Sta avvenendo, sta avvenendo qui, sta avvenendo oggi, non nascondiamocelo.
La celebrazione della Giornata della memoria della Shoah nelle scuole ha
anche questo merito: che coloro che vengono invitati a parlare a ragazze e
ragazzi hanno modo di percepire - e con sgomento - quanto diffusa sia, e
quanto a fondo scavi, la condivisione di ampi segmenti del discorso
antisemita tra gli studenti, gli insegnanti e i dirigenti scolastici. E
quanto difficile e necessario e urgente sia contrastare la crescita del
razzismo che adottando strategie argomentative sovente assai subdole ed
efficaci sta diventando una sorta di koine' in una societa' - questa
italiana - che imbarbarisce ogni giorno di piu'.
E dunque diciamolo con chiarezza e nettezza ancora una volta: contrastare il
razzismo, contrastare l'antisemitismo, contrastare le ideologie del
pregiudizio e della persecuzione, dei totalitarismi e dei genocidi, e' qui e
adesso necessario; contrastare e' necessario come l'aria per respirare.
E dunque diciamo anche con chiarezza e nettezza ancora una volta: la nostra
solidarieta' col popolo palestinese e' anche la nostra solidarieta' con la
popolazione israeliana; la nostra richiesta che finalmente vi sia uno stato
palestinese indipendente, libero e democratico e' anche la nostra richiesta
che lo stato di Israele possa finalmente esistere in sicurezza, liberta' e
democrazia; il nostro sostegno va a tutte le operatrici e tutti gli
operatori di pace che con la scelta della nonviolenza stanno lottando per la
fine dell'occupazione militare, per la fine delle stragi, per la fine delle
violenze e delle discriminazioni, per l'esistenza e il diritto e la
liberazione e la sicurezza di tutti i popoli e tutte le persone; la nostra
opposizione al razzismo non piu' essere dimidiata: il riconoscimento e il
rispetto dei diritti umani deve valere per tutti gli esseri umani.

4. RIFLESSIONE. UMBERTO DE GIOVANNANGELI INTERVISTA ELIE WIESEL
[Dal quotidiano "L'Unita'" del 28 gennaio 2008 col titolo "Elie Wiesel: La
Shoah resta il male assoluto" e il sommario "Giorno della memoria. Parla lo
scrittore premio Nobel nel 1986: Dimenticare e' impossibile e
significherebbe uccidere una seconda volta le vittime. Ma non c'e' solo il
rischio dell'oblio: Ahmadinejad e il terrorismo sono pericoli reali".

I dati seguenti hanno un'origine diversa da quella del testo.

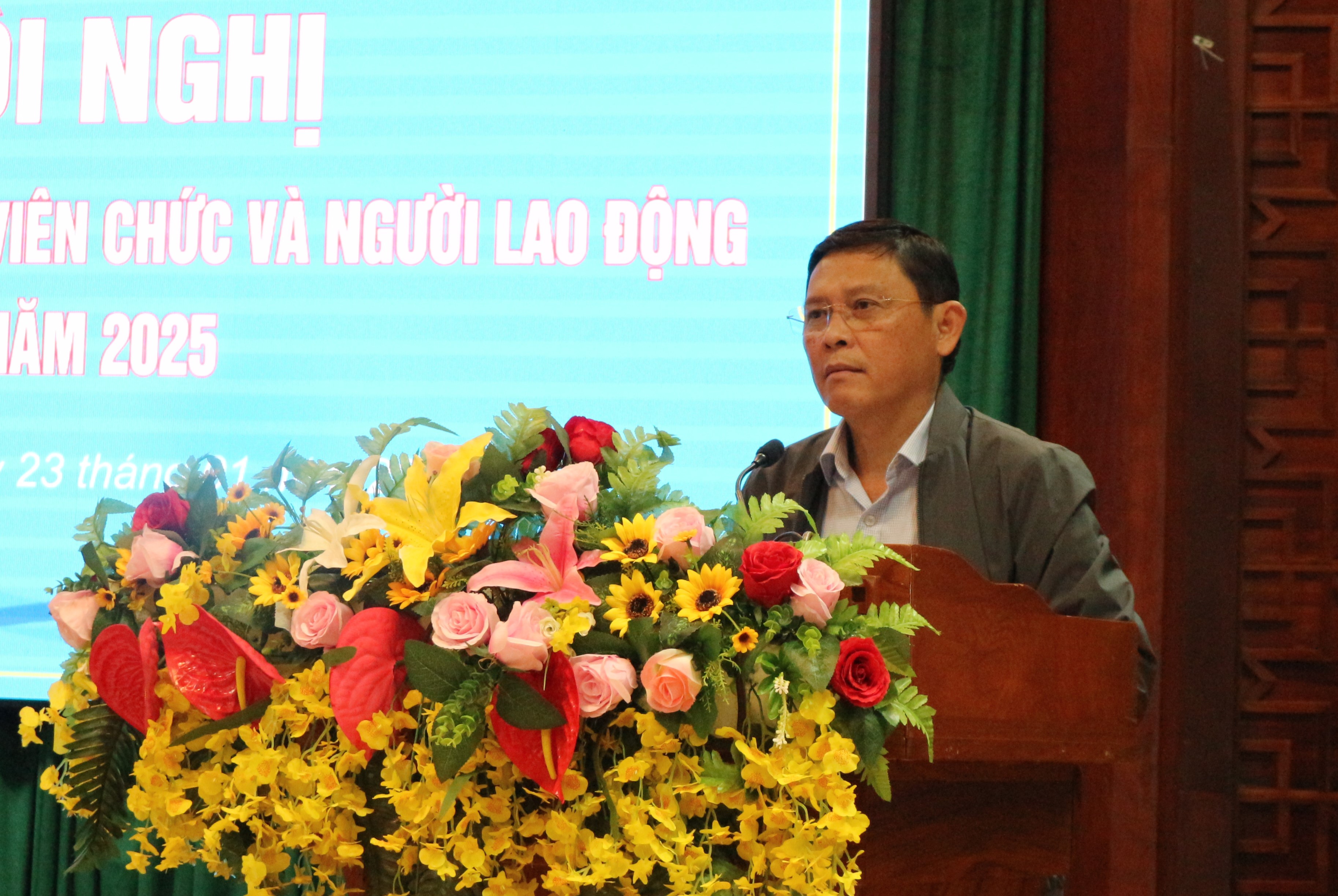 Phát biểu chỉ đạo hội nghị, đồng chí Nguyễn Tuấn Hà - Phó Chủ tịch Thường trực UBND tỉnh ghi nhận những nỗ lực, kết quả đã đạt được của tập thể CBCCVC, NLĐ Văn phòng UBND tỉnh trong năm vừa qua. Năm 2025, dự báo tình hình thế giới, trong nước có nhiều thay đổi lớn ảnh hưởng mạnh mẽ đến mọi mặt của tỉnh. Do đó, đồng chí đề nghị tập thể CBCCVC, NLĐ Văn phòng UBND tỉnh phát huy những kết quả đã đạt được, khắc phục khó khăn, hạn chế để hoàn thành nhiệm vụ được giao, trong đó trọng tâm là: tiếp tục giữ vững sự đoàn kết, thống nhất, phát huy sức mạnh tập thể, nâng cao vai trò, trách nhiệm của từng CBCCVC, NLĐ trong quá trình thực hiện nhiệm vụ; tập trung thực hiện kế hoạch tinh gọn hiệu quả bộ máy cơ quan; tập trung cho các sự kiện lớn sắp diễn ra (như: Lễ hội Cà phê Buôn Ma Thuột; Đại hội Đảng các cấp, các công trình trọng điểm của tỉnh)…
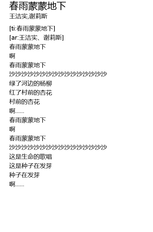 | [00:30.94] | 沙沙沙沙沙沙沙沙沙沙沙沙沙沙沙沙 |
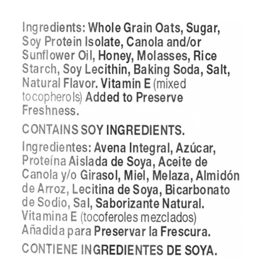 Ingredients: Whole Grain Oats, Sugar, Soy Protein Isolate, Canola and/or Sunflower Oil, Honey, Molasses, Rice Starch, Soy Lecithin, Baking Soda, Salt, Natural Flavor, Vitamin E Mixed Tocopherols Added to Preserve Freshness. Contains: Soybeans, Oat
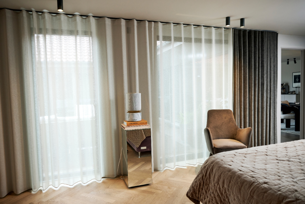 BLØD STEMNINGI en verden af stramme linjer og hårde flader er gardinet en blød kontrast. Det fanger lyset. Filtrerer nuancerne. Giver rummet en puls.
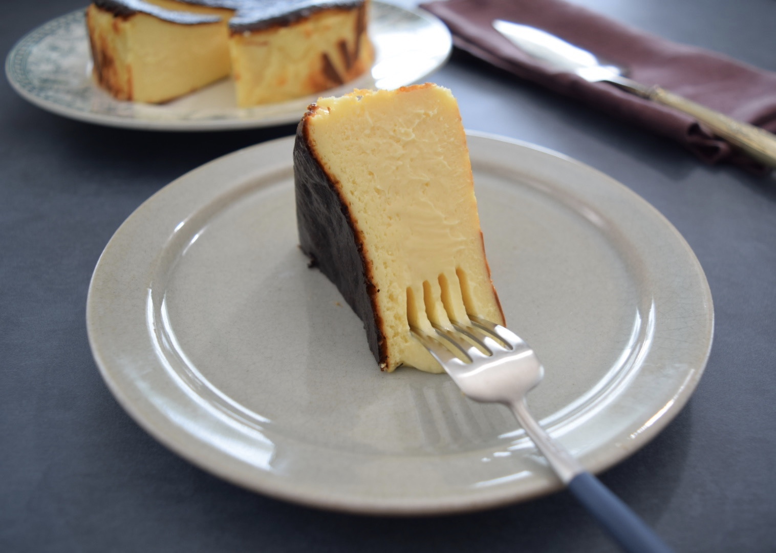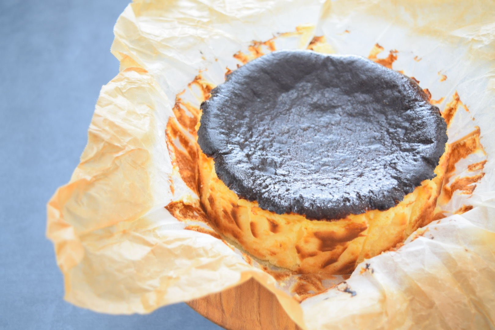 - ゴムベラで型に流し入れる。230℃で25分〜30分表面が黒くなるまで焼く。(黒くなりすぎるようなら、途中アルミホイルをかける)型のまま粗熱を取り、冷めたら冷蔵庫でしっかり冷やす。
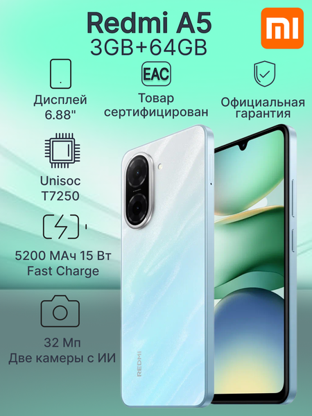 Xiaomi Redmi A5 — удобный и доступный смартфон с современными функциями, который отлично подойдёт для повседневного использования: общения, интернета, фото, видео и простых игр. Устройство оснащено большим экраном диагональю 6.88 дюйма с частотой обновления 120 Гц, что делает прокрутку и анимации особенно плавными. Высокая чувствительность сенсора обеспечивает быструю реакцию на прикосновения — удобно набирать текст, листать ленту или играть. Яркость 450 нит позволяет комфортно использовать смартфон даже при ярком дневном свете. Работает телефон на Android 15 Go — это лёгкая версия операционной системы, оптимизированная для стабильной работы. Внутри установлен 8-ядерный процессор Unisoc T7250 и 3 ГБ оперативной памяти, которые можно виртуально расширить до 6 ГБ. Это даёт быструю работу приложений и плавную многозадачность. Встроенной памяти 64 ГБ хватит для хранения фотографий, видео и приложений. При необходимости можно установить карту памяти до 2 ТБ — хватит на годы вперёд. Основная камера на 32 Мп делает чёткие фото днём и ночью, есть поддержка HDR и ночного режима. Дополнительный сенсор помогает размывать фон на портретных фото. Фронтальная камера на 8 Мп отлично подойдёт для видеозвонков и селфи. Смартфон оснащён аккумулятором ёмкостью 5200 мА*ч, что обеспечивает до 20 часов воспроизведения видео без подзарядки. Зарядное устройство уже в комплекте. Быстрой зарядки нет, но благодаря энергоэффективному процессору смартфон заряжается вполне быстро и держит заряд долго. Redmi A5 поддерживает две SIM-карты, есть слот для карты памяти, стандартный разъём 3.5 мм для наушников, современный разъём USB Type-C и поддержка OTG (можно подключать флешки и другие устройства). Для разблокировки доступны сканер отпечатка сбоку и распознавание лица. Это отличный выбор для тех, кому нужен надёжный и стильный смартфон для общения, соцсетей, музыки, видео и базовых задач — с большим экраном, долгим временем работы и хорошей камерой.
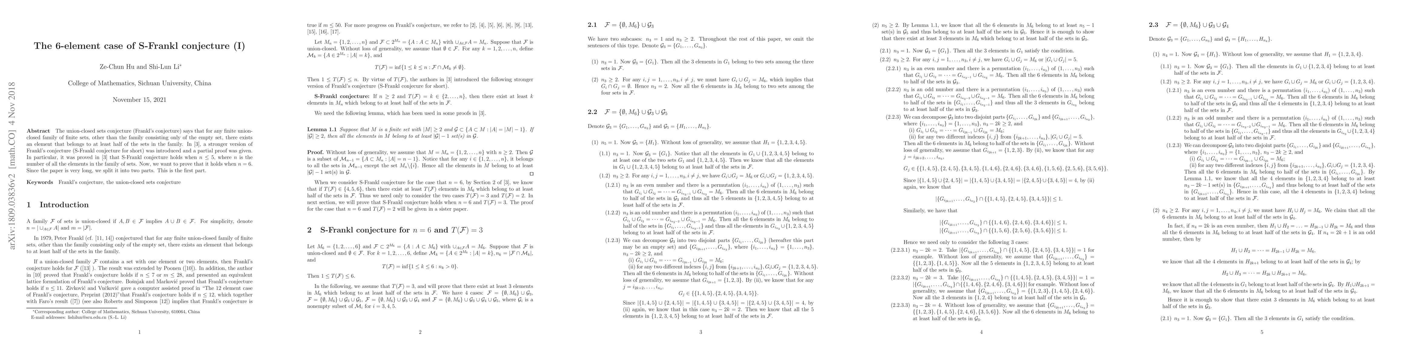The union-closed sets conjecture (Frankl's conjecture) says that for any finite union-closed family of finite sets, other than the family consisting only of the empty set, there exists an element that belongs to at least half of the sets in the family. In [3], a stronger version of Frankl's conjecture (S-Frankl conjecture for short) was introduced and a partial proof was given. In particular, it was proved in \cite{CH17} that S-Frankl conjecture holds when $n\leq 5$, where $n$ is the number of all the elements in the family of sets. Now, we want to prove that it holds when $n=6$. Since the paper is very long, we split it into two parts. This is the first part.

Umberto De Giovannangeli e' giornalista e saggista, esperto conoscitore
della situazione mediorientale. Opere di Umberto De Giovannangeli: (con
Rachele Gonnelli, a cura di), Hamas: pace o guerra?, Nuova iniziativa
editoriale, Roma 2005; Terrorismo. Al Quaeda e dintorni, Nuova iniziativa
editoriale, Roma 2005.
Elie Wiesel, nato nel 1928 a Sighet in Transilvania, venne deportato ad
Auschwitz e Buchenwald. Dopo la guerra e' stato giornalista, scrittore,
testimone impegnato per i diritti umani. Ha ricevuto il premio Nobel per la
pace. Tra le opere di Elie Wiesel si vedano in particolare i due volumi
delle memorie Tutti i fiumi vanno al mare, Bompiani, Milano 1996; ... E il
mare non si riempie mai, Bompiani, Milano 1998, 2003. Tra i suoi molti libri
e' indispensabile leggere innanzitutto almeno La notte, Giuntina, Firenze
1980. Segnaliamo anche almeno il colloquio tra Jorge Semprun ed Elie Wiesel,
Tacere e' impossibile, Guanda, Parma 1996]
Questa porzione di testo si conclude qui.